When the Division I Women's Basketball Committee offered its early projections of the top 16 NCAA Tournament seeds this week, No. 5 Mississippi State (22-2, 10-1 SEC) and No. 11 South Carolina (18-6, 10-1) were the only SEC teams included. If that's how the bracket ends up, it would mark the first time since 2011 the SEC had only two of the top 16 seeds.
That would represent quite a fall for a conference that has produced three of the last four NCAA Tournament finalists. South Carolina won the 2017 title and Mississippi State lost each of the last two championship games.
Last year, the SEC had five of the top 16 seeds.
''I think the numbers bear it out,'' said SEC Network analyst and former Georgia coach Andy Landers. ''I don't think the conference is as strong as it has been in past years.''
The most obvious example of the SEC's unclear postseason picture is Tennessee, the only team to appear in every tournament since the NCAA started running the event in 1982.
Tennessee (16-8, 5-6) is on the bubble this year with an RPI of 53. Last season, the team with the lowest RPI to get an at-large bid was Nebraska at No. 60.
''I can't control (talk about whether) you're in or you're out,'' Tennessee coach Holly Warlick said. ''We've just got to win - bottom line.''
The SEC is just fifth in conference RPI for its lowest ranking since at least 2002, which is as far back as the NCAA's historical data on the subject goes.
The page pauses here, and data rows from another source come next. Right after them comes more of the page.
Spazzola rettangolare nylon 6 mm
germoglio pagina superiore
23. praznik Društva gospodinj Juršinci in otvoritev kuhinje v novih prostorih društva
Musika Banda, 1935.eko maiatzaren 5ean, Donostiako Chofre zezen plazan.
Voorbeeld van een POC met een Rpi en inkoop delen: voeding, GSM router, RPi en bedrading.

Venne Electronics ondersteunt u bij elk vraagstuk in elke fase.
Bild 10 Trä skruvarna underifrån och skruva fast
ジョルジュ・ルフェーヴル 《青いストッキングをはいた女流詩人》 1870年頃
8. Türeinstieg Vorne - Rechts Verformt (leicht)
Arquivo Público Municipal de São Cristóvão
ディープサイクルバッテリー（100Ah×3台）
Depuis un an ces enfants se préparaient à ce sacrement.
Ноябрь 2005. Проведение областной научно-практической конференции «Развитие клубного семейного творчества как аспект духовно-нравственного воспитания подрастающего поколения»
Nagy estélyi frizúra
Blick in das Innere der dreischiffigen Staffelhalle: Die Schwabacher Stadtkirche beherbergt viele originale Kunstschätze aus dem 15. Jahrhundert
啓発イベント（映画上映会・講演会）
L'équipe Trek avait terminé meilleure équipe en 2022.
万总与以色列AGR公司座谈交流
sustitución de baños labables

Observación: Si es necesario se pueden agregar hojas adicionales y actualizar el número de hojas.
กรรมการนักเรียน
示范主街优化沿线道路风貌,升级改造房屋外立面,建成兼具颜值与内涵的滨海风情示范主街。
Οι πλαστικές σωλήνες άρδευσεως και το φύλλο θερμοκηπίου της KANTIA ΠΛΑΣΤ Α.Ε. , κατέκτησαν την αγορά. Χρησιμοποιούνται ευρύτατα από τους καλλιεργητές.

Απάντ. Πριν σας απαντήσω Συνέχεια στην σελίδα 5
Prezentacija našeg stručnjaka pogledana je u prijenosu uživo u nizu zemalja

SEC teams have gone a combined 24-34 against the other Power Five leagues and the Big East after posting a 40-29 record against those conferences last season.
Landers says the SEC lacks marquee players in its first season without former South Carolina standout and three-time conference player of the year A'ja Wilson.
Mississippi State's Teaira McCowan is a likely All-American. Missouri's Sophie Cunningham has scored over 2,000 career points and led Missouri to a 75-67 victory over Mississippi State on Thursday. Texas A&M's Chennedy Carter is a premier scorer.
But there isn't quite as much overall star power as usual.
''In no way do I believe it's permanent or an indication of the (long-term) direction of the conference,'' Landers said. ''But it is what it is. What it is, is an absence of great players.''
Mississippi State could end up as the only SEC school holding first- and second-round NCAA Tournament games on its home campus. If South Carolina gets one of the top 16 seeds, it would play its first- and second-round games at Charlotte , North Carolina, because the Gamecocks' Colonial Life Arena is hosting men's NCAA Tournament games.
SEC coaches dispute the notion the league is down.
Texas A&M's Gary Blair praises the SEC's balance. He believes the league deserves eight bids but might not get that many because teams in the middle of the standings keep beating up on one another.
''I don't know why people don't think it's as deep as in the past,'' Missouri coach Robin Pingeton said.
No. 17 Kentucky (20-5, 7-4), No. 22 Texas A&M (19-5, 8-3) and Missouri (19-7, 8-4) still could improve their seeding enough to become first- and second-round hosts.
Tennessee, Auburn (18-7, 6-6), LSU (14-9, 5-6), Arkansas (16-9, 5-6) and Georgia (14-10, 5-6) are battling for NCAA bids as they're all right around .500 in conference play. Auburn is 57th, LSU 60th, Arkansas 84th and Georgia 108th in the RPI.
''Historically, that's been a number that over the years, you look at it and those 8-8 teams in our league have gotten into the NCAA Tournament,'' LSU coach Nikki Fargas said.
No SEC team has gone .500 or better in league competition and missed the NCAA field since 2011, when South Carolina, Auburn and LSU all went 8-8 and got left out. But an 8-8 finish might not be good enough this year.
''This is a year because of the conference RPI that I'm not sure a .500 or even a plus-.500 record in the Southeastern Conference will get you in,'' said Landers, who also noted that some SEC teams could make it ahead of league rivals with better conference records due to schedule strength.
AP sports writer David Brandt in Starkville, Mississippi, contributed to this report.